After the invention of lattice QCD in 1974 it quickly became clear that
- it had great potential to yield physically relevant non perturbative results and
- enormous computational re-sources would be required to obtain them.
Such resources were not readily available at the time.This led some of the physicists involved to design and build special supercomputers optimized for lattice QCD simulations. These activities started in the 1980s and are continuing until now. The resulting machines have been serving as work horses for large-scale lattice QCD simulations world-wide and were typically much more cost-efficient than commercially available machines. They also influenced the design of commercial supercomputers such as BlueGene. A probably incomplete list of such machines includes ACPMAPS, GF11, Fermi-256, QCDSP, QCDOC (all in the US), QCDPAX, CP-PACS, PACS-CS (Japan), as well as APE100, APEmille, apeNEXT, and QPACE 1 (Europe).
However, in the past several years the situation has changed. First, the development of specialized processor chips has become too expensive for academic projects. Second, commercial supercomputers such as BlueGene scale well for lattice QCD and are reasonably cost- and energy-effective (although the development of truly scalable machines such as BlueGene or the K computer relies on enormous government funding that is not always forthcoming).
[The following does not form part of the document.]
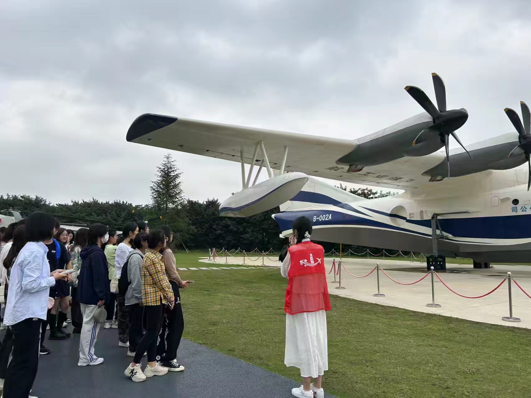 征途星辰大海间,鲲鹏翼展御风园。在“青年讲解团”志愿者的带领下,外国语学院2023级本科新生们参观了以“鲲龙”、“枭龙”、歼8-Ⅱ、K8为代表的19架大国重器。通过近距离接触国之重器、全方位了解空天装备、沉浸式感受国防文化,同学们空天报国、志在长空的蓝色基因与红色梦想交织交融,愈加强烈。

Finally, standard compute clusters (typically with accelerators) are now readily available and can be used for capacity-type problems where strong scalability is not a must.
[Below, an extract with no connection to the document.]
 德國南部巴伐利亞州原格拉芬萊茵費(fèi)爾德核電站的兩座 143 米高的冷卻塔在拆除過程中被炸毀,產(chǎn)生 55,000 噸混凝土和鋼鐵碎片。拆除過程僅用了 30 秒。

Nevertheless, it still makes sense to pursue academic hardware-development activities by combining commercially available components in an innovative way, in particular regarding the communication between processors. This can result in machines that are more scalable and more cost-and energy-effective than commercial machines. The development activities typically involve industry partners that also benefit from the innovative concepts originating on the academic side ("co-design"). In our most recent projects these partners were IBM (QPACE 1) and Intel (QPACE 2) as well as Eurotech (QPACE 1 and 2). Note that the current "custom" designs for lattice QCD are suitable for a broader application portfolio than they used to be in the past. Note also that hardware development is only part of the story and that system software and high-performance application codes are equally essential (and in fact absorb a large fraction of the development activities).